Fighter Plane Crashes At Air Force Ceremonies
Oct. 08, 1989
NEW DELHI, India (AP) _ A fighter jet crashed and exploded in a giant fireball at ceremonies honoring the Indian air force Sunday after the pilot apparently misjudged the plane's altitude and tried an extra acrobatic maneuver, officials said.
About 2,000 military and civilian dignitaries, journalists and other guests watched in horror as the French-designed Mirage 2000 plunged to earth about 300 yards from a reviewing stand, killing the pilot.
No one on the ground was killed. Some spectators suffered sprained ankles or bruises while running either toward or away from the burning wreckage.
The silver delta-winged aircraft was completing a maneuver known as a ''vertical Charlie,'' the finale of a 20-minute aerial display of 22 of the air force's supersonic fighters, transport and training aircraft.
An inquiry was ordered to determine what caused the crash, the first major accident at an Indian military airshow.
The pilot was identified as Ramesh Bakshi, the 39-year-old commander of the Mirage squadron.
Air Force Chief Marshal S.K. Mehra told reporters the accident apparently was due to ''an error in judgment.'' Mehra said the sky was very hazy and Bakshi may have miscalculated the jet's altitude.

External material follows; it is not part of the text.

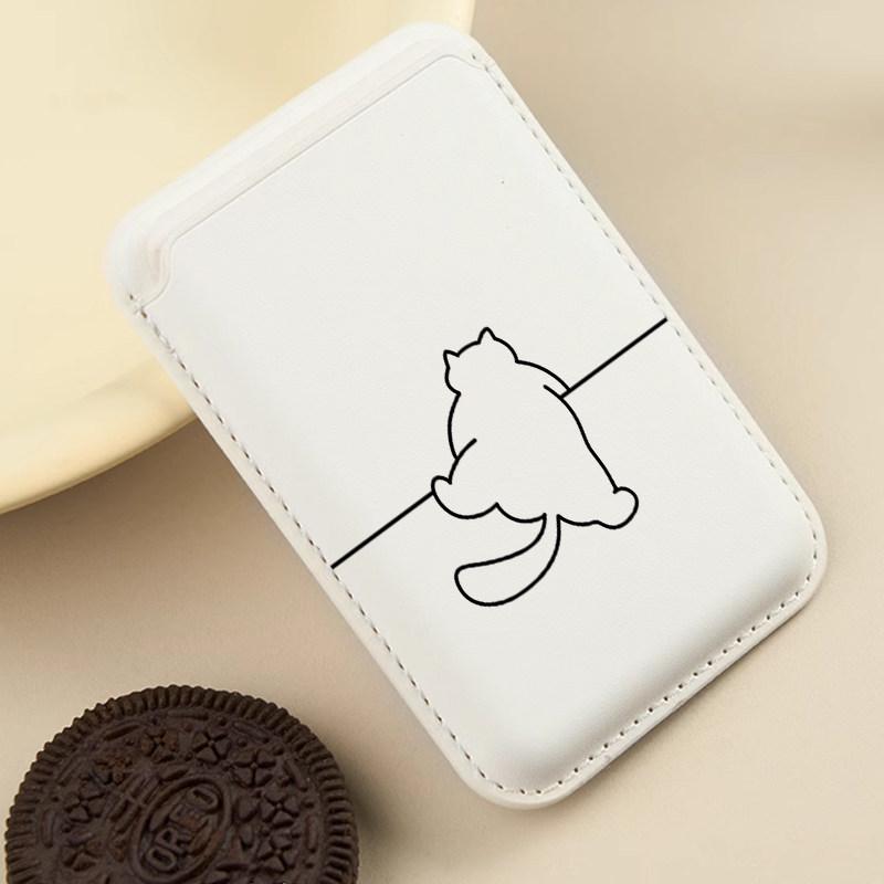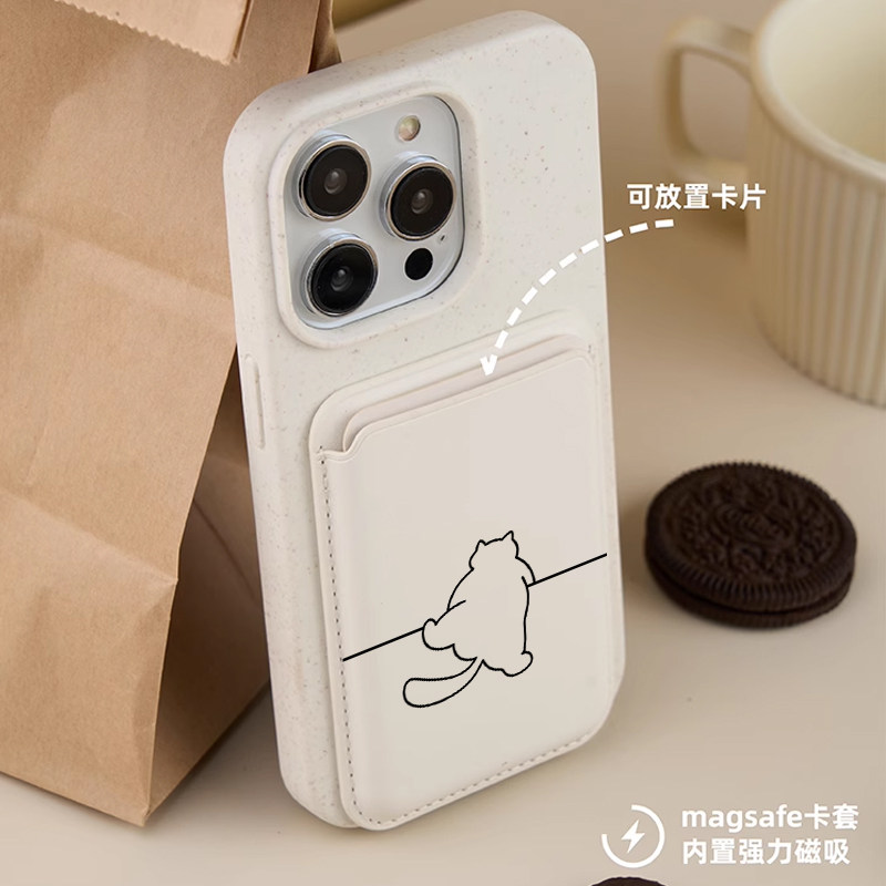 新款苹果magSafe磁吸卡包适用于iphone15promax皮革mini卡套式爬墙小猫13pro真皮质卡夹钱包配件插卡槽门禁卡

When the pilot started to pull up, Mehra said, the plane was about 18 feet from the ground. If the jet had been 12 feet higher, Bakshi probably could have made it, he said.
''He was one of our most experienced pilots,'' Mehra said.
The Mirage was completing the final flyby of Indian Air Force Day, marking the 57th anniversary of the Indian air force and honoring its 115,000 enlisted men. The ceremony was held at the military section of Palam Airport in west New Delhi, and all civilian flights were halted during the show.
The aircraft slammed into the ground, exploded and bounced three times through fuel tanks on the ground, igniting a giant fireball. Two buses caught fire and several trucks and other vehicles in the area were badly damaged by burning chunks of debris.
The Mirage is capable of flying up to 1,460 mph at an altitude of 65,600 feet. The first Mirages came off the assembly line in 1966.
The Indian air force acquired 49 Mirage 2000 fighters between 1982 and 1986. The jets are considered an essential part of India's fleet, which includes other French-designed aircraft and some of the Soviet Union's most sophisticated planes, helicopters and fighters.
Military experts from NATO and Warsaw Pact countries have rated the skills of Indian air force pilots among the world's best. But they gave them low marks for aircraft maintenance.
At least 30 accidents, most involving the Soviet-made MiG-27 fighters, have occurred in the past four years.